Aiden no lo notó, pero un ligero escalofrío recorrió su espalda cuando pasó cerca de una tienda de amuletos. El anciano que la atendía levantó la vista, sus ojos brillando con una extraña luz. No dijo nada, solo lo observó en silencio, y por un instante, Aiden se sintió como si hubiera estado bajo escrutinio, algo que no lograba identificar pero que, por alguna razón, no podía ignorar. Decidió seguir caminando sin detenerse.
—Hoy es un día peculiar, no crees? —dijo el anciano, pero apenas lo oyó, se limitó a sonreír sin dar importancia a las palabras.
A medida que avanzaba por el mercado, algo en el aire se volvió más denso. Las voces de la gente se sentían distantes, como si el bullicio que normalmente le daba vida ahora lo empujara a una periferia invisible. En la lejanía, un hombre de capa gris caminaba sin prisa entre la multitud, sus pasos implacables, como si todo a su alrededor se desvaneciera mientras él permanecía firme.
Un niño, casi perdido entre la multitud, se giró hacia Aiden en un instante de silencio extraño y, tras mirarlo de arriba abajo, volvió su mirada hacia el hombre de la capa.

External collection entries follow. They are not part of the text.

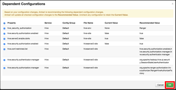 8. After Hive restarts, the Ranger plugin for Hive will be enabled.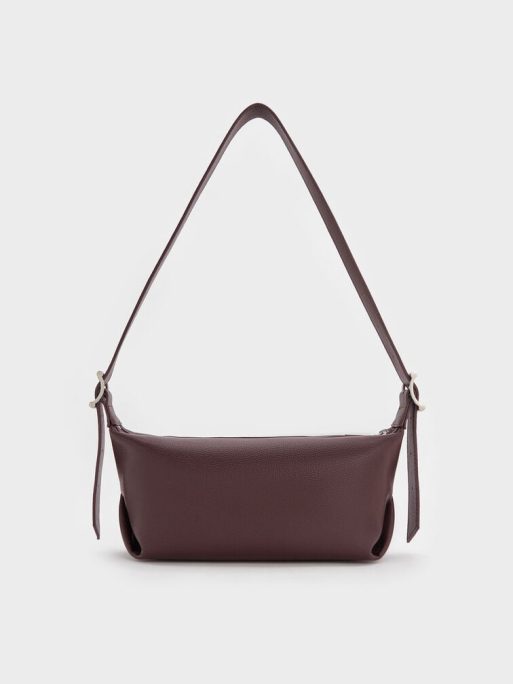 C&K Larsen Buckle-Strap Slouchy Shoulder Bag Plum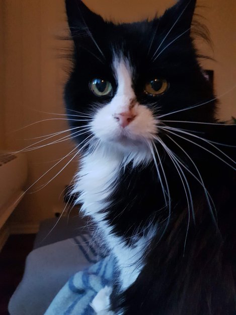 Tett tårekanal på høyre øyet (sett forfra) gjør at det væsker litt nedover snuten.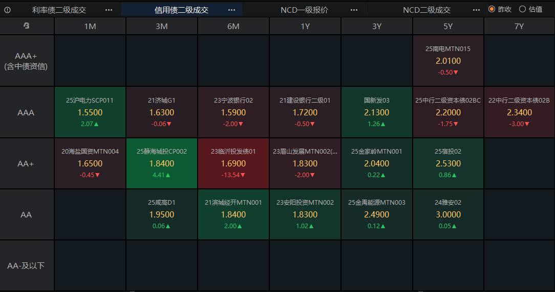 从成交矩阵图来看,利率债的表现还是比较亮眼的,虽然目前收益率下行幅度不算特别大,但是今天利率债没有出现明显的分化,保持全面上涨。

Aiden no se dio cuenta de esa mirada, o de cómo el niño bajaba la cabeza rápidamente, apretando las manos al costado.
Aiden siguió caminando, sintiendo algo que no era del todo claro. La presión en el aire se hizo más palpable y, aunque no veía nada fuera de lo común, un sentimiento de que algo estaba cambiando, o incluso a punto de suceder, lo envolvía.
De repente, un suave murmullo, apenas audible, flotó entre los puestos cercanos, como si alguien hablara demasiado bajo para ser escuchado, pero que, de alguna manera, lograba atravesar el bullicio. Aiden no pudo captar las palabras, pero la sensación permaneció.
—¿Qué será de este lugar? —susurró un hombre de túnica a su compañero, a unos metros de distancia. La pregunta no parecía dirigida a nadie en particular, y el compañero no respondió, solo asintió lentamente.
Aiden se detuvo por un momento, un leve suspiro escapó de sus labios mientras se frotaba la nuca, como si tratara de sacudirse una sensación molesta. El cuchillo en su muñeca pareció tensarse ligeramente, y con un movimiento inconsciente, Aiden lo observó por un segundo. El filo brilló bajo la luz del día, pero de una forma extraña, como si algo lo estuviera mirando en lugar de él. La sensación de inquietud aumentó.
Siguió caminando, pero el aire parecía más denso. Cada paso era más pesado, cada sonido más lejano. La gente a su alrededor parecía moverse a una velocidad diferente, casi como si estuvieran sincronizados en un tiempo que no era el suyo.
Y, de repente, sin previo aviso, el bullicio del mercado comenzó a desvanecerse poco a poco, reemplazado por un silencio inquietante. Aiden sintió un escalofrío recorriéndole la espalda, y el cuchillo pareció pesar más en su mano.
Las figuras a su alrededor comenzaron a alargarse y retorcerse, sus rostros convirtiéndose en máscaras grotescas. Las risas de los niños se deformaron en ecos distantes, y las voces de los comerciantes se volvieron murmullos incomprensibles.
Aiden se detuvo en medio de la calle vacía, su respiración entrecortada mientras una sonrisa torcida se formaba en su rostro.
—Bueno, cuchillo… parece que hemos cruzado otra puerta.
El cuchillo brilló débilmente bajo la luz grisácea, y Aiden avanzó, adentrándose en un mundo donde las reglas de la realidad ya no aplicaban.